Managing Tenants

The Stellar Cyber multi-tenant feature allows all the features and capabilities of Stellar Cyber, including machine learning, to be applied to any number of independent networks.

See the Tenants overview page for general information about tenants.

Tenants Table

When you select the System | Tenants option, Stellar Cyber displays a table of the existing tenants similar to the example below.

The columns are:

• Name – The name of the tenant.

• ID – The unique ID number for the tenant. This number is often required for sensor and software setup functions to precisely identify the tenant.

• Contact Name – The name of the person responsible, as entered.

• Contact Phone – The phone number of the person responsible, as entered.

• Address – The address of the tenant, as entered.

• Last Ingestion Volume (GB) – The amount of data ingested on behalf of the tenant as of the previous day. This value is updated every midnight, local system time.

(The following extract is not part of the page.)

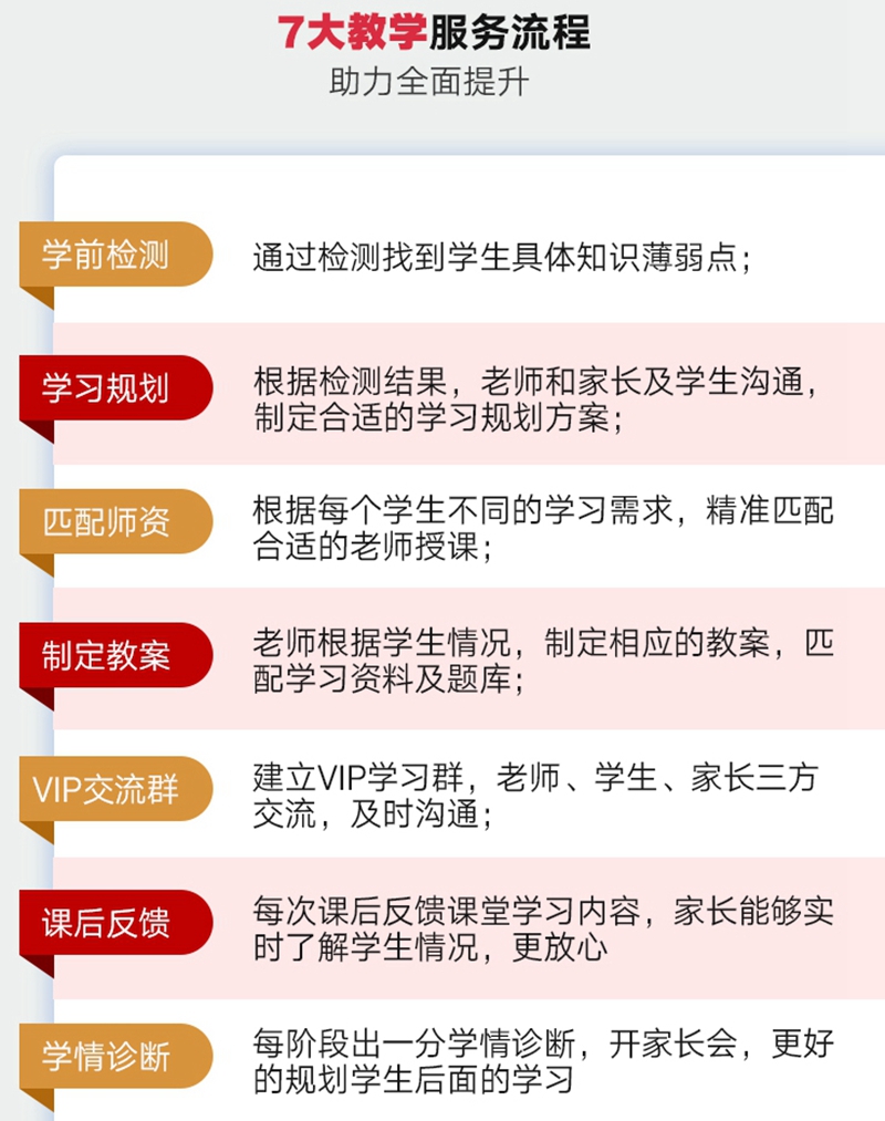 高中辅导课程教学严格遵守学练测一体的教学模式,帮助学员针对性掌握知识,结合薄弱环节有的放矢进行学习,明确学习短板,通过学练结合的模式锻炼学员对于学习内容的把握。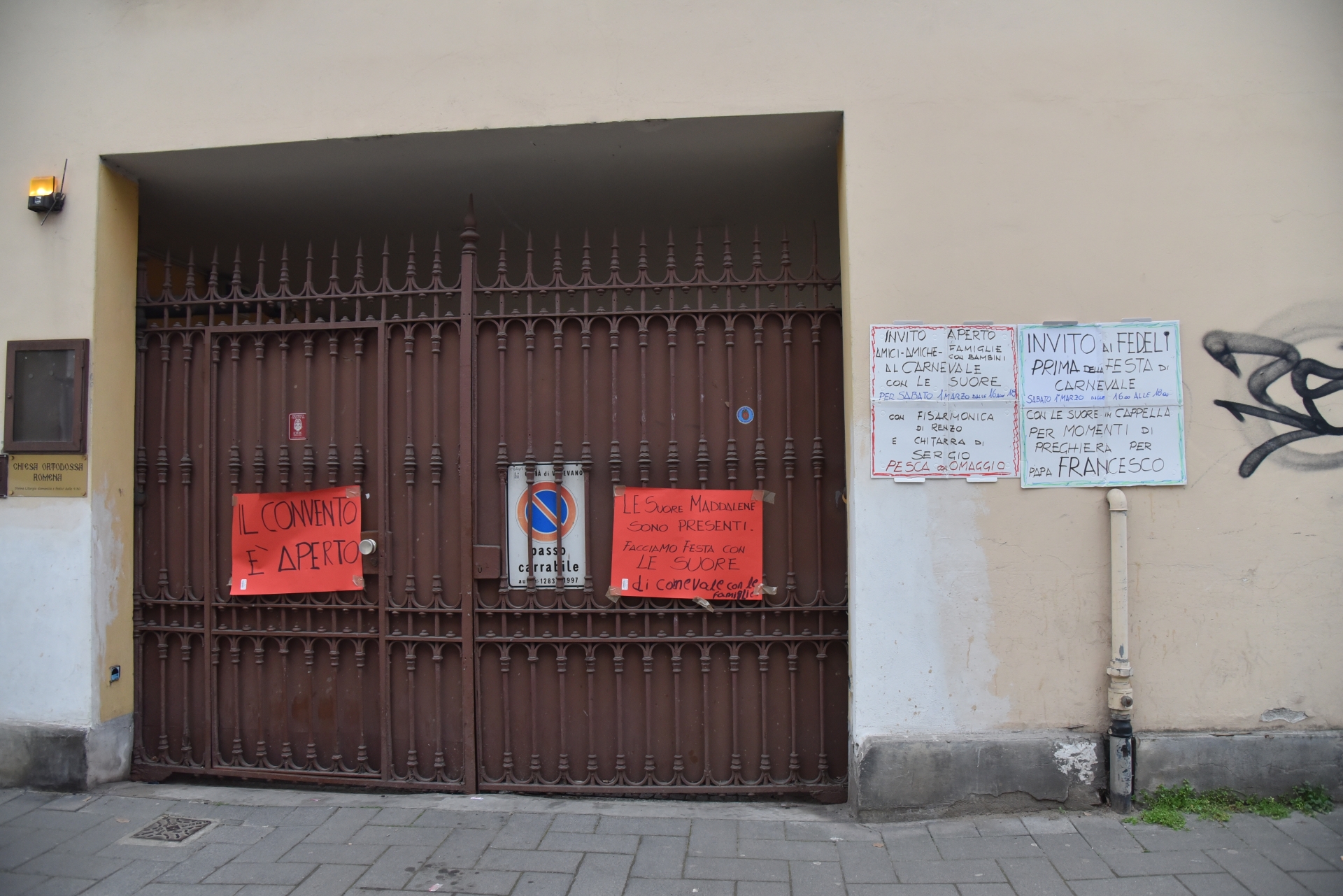 Il cartello affisso nei giorni scorsi sul cancello d'ingresso dell'istituto di corso Genova che informa che il convento è aperto

• Number of Users – The number of tenant users.

• Number of Sensors – The number of sensors installed for the tenant.

• Date Created – The timestamp of when the tenant was created.

• Action – The actions you can take.

The actions you can take are:

• Click Create to create a new tenant.

  The Add Tenant dialog box (described below) appears.

• Click to edit the corresponding tenant.

  The Edit Existing Tenant dialog box appears.

• Click to delete the corresponding tenant.

  For details on this, see:

  Removing Tenants (<4.3.5)

See the Tables page for more information on working with tables.

Adding or Editing Tenants

All fields other than the tenant name are stored in the record without further processing. Their values can be defined by the system owner's policy.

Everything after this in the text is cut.